**PROBLEM DETAILS:**
Only the lines from the first line of the entries through the line with "На блин выложить" belong in the answer, each restated word for word and without pictures.

**MATERIAL SUPPLIED:**
========================================
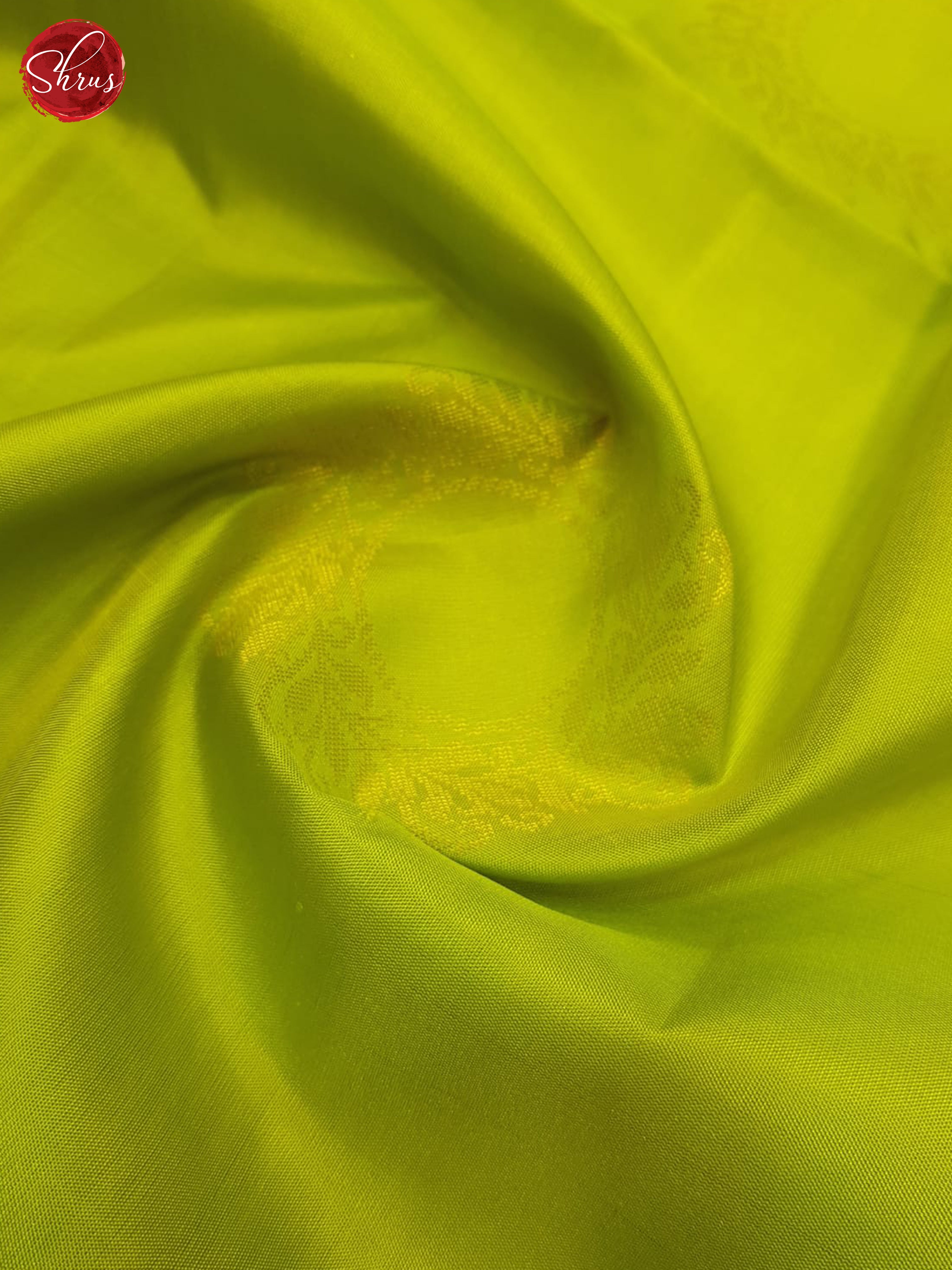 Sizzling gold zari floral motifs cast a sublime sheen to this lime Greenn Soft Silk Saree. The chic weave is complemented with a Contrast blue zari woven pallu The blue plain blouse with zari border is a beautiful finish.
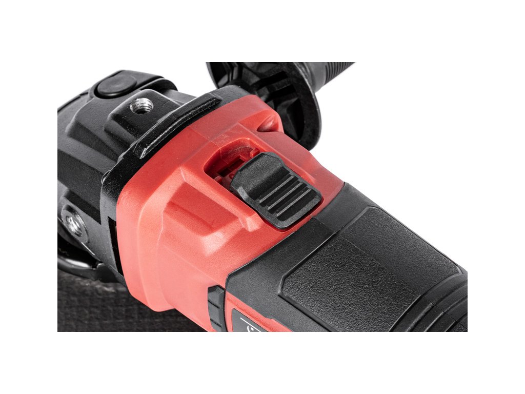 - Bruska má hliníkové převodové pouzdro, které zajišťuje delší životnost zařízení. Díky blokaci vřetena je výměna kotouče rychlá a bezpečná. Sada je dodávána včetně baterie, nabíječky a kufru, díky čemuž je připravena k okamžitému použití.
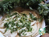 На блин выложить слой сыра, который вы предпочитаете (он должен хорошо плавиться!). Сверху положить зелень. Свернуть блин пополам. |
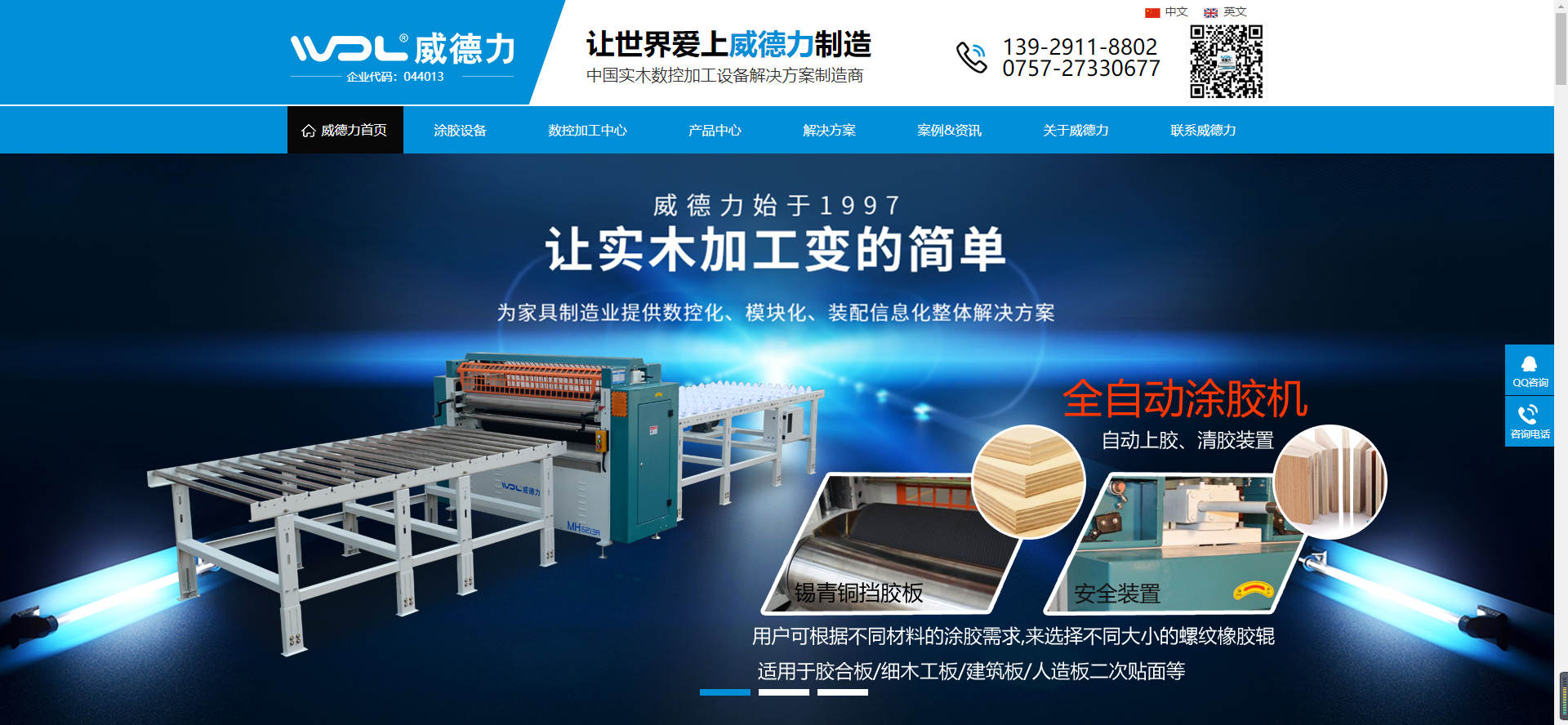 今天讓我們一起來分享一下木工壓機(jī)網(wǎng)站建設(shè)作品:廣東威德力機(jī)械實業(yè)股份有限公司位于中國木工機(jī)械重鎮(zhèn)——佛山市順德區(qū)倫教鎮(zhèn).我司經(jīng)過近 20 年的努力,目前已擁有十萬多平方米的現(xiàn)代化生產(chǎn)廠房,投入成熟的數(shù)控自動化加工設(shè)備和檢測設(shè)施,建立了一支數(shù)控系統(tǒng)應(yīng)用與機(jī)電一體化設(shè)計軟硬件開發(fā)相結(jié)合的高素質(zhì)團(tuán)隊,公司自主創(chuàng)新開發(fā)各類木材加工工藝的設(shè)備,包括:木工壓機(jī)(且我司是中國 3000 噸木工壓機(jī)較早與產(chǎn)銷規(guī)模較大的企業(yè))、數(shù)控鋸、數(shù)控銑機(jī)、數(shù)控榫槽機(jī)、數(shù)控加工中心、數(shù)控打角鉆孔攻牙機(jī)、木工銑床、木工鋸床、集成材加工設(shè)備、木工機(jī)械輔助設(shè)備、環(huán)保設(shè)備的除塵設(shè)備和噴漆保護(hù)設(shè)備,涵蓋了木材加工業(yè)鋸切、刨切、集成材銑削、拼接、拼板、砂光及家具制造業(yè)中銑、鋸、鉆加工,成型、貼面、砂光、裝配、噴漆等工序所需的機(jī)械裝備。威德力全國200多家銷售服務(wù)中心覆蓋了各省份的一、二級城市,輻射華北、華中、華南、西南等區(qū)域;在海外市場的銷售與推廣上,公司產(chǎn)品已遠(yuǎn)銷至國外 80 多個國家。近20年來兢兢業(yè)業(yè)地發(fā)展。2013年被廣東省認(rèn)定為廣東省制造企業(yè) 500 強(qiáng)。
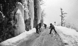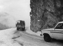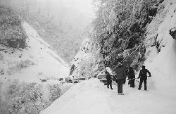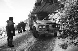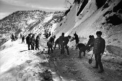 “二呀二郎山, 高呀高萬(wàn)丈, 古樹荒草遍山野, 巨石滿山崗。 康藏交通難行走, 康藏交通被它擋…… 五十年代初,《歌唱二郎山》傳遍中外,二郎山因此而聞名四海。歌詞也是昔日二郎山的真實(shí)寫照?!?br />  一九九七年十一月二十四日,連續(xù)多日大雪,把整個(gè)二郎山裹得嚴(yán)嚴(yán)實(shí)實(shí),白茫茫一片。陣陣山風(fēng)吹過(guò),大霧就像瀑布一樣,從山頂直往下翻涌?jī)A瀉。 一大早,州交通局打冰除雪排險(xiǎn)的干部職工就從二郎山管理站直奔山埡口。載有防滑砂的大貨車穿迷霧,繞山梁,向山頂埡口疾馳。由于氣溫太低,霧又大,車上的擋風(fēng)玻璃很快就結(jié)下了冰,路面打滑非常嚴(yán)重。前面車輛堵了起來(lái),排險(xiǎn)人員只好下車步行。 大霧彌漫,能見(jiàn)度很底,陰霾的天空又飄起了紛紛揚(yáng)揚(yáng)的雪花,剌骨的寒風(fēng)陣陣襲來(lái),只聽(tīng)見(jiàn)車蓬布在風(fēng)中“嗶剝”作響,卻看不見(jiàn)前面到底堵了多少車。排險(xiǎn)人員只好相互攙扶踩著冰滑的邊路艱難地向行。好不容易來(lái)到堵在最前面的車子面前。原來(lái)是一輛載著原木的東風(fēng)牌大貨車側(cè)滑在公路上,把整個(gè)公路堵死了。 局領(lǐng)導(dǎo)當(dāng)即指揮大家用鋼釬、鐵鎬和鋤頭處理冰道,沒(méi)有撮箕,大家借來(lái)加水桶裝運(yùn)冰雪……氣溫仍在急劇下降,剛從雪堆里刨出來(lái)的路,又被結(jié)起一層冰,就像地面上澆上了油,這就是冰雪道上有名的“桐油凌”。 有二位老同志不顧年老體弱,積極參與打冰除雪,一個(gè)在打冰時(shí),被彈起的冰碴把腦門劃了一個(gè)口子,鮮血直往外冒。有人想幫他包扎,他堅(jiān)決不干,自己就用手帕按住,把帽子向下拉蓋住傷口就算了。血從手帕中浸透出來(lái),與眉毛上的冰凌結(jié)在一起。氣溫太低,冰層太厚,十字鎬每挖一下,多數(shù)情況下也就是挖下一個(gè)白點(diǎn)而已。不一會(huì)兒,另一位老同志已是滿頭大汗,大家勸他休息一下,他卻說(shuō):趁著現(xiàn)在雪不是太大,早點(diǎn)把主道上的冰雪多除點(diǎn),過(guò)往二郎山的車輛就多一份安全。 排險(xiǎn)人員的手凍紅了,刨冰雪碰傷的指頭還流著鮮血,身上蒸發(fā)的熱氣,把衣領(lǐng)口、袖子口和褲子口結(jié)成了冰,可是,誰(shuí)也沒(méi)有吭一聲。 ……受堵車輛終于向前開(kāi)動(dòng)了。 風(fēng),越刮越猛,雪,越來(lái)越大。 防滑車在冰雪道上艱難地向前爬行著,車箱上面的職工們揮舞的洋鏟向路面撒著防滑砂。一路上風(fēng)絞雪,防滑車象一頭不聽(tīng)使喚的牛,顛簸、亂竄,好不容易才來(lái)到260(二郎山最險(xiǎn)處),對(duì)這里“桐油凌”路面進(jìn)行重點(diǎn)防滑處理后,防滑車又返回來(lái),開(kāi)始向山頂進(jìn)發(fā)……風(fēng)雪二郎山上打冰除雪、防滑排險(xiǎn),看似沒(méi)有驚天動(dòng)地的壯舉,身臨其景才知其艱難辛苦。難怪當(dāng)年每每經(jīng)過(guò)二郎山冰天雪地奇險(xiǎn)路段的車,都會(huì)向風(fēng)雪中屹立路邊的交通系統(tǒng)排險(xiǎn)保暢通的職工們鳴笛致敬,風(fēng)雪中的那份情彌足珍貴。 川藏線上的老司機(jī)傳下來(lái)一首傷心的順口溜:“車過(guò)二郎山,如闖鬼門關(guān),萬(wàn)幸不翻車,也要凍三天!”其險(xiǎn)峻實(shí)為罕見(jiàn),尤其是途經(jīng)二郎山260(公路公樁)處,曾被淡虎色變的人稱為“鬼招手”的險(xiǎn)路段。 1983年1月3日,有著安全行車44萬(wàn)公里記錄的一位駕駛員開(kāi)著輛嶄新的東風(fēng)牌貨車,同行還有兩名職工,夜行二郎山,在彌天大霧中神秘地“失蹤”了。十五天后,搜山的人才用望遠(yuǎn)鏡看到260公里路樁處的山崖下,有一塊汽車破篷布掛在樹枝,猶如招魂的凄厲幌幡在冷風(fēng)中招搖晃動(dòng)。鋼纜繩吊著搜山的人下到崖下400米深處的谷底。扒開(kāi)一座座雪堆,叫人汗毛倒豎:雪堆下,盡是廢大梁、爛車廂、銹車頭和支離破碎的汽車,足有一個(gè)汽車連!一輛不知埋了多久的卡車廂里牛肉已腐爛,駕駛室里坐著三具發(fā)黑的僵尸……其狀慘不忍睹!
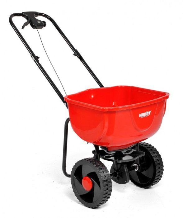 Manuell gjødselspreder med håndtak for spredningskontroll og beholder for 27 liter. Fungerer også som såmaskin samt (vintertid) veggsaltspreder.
========================================
**EXERCISE RESPONSE:**
 Sizzling gold zari floral motifs cast a sublime sheen to this lime Greenn Soft Silk Saree. The chic weave is complemented with a Contrast blue zari woven pallu The blue plain blouse with zari border is a beautiful finish.
 - Bruska má hliníkové převodové pouzdro, které zajišťuje delší životnost zařízení. Díky blokaci vřetena je výměna kotouče rychlá a bezpečná. Sada je dodávána včetně baterie, nabíječky a kufru, díky čemuž je připravena k okamžitému použití.
 На блин выложить слой сыра, который вы предпочитаете (он должен хорошо плавиться!). Сверху положить зелень. Свернуть блин пополам. |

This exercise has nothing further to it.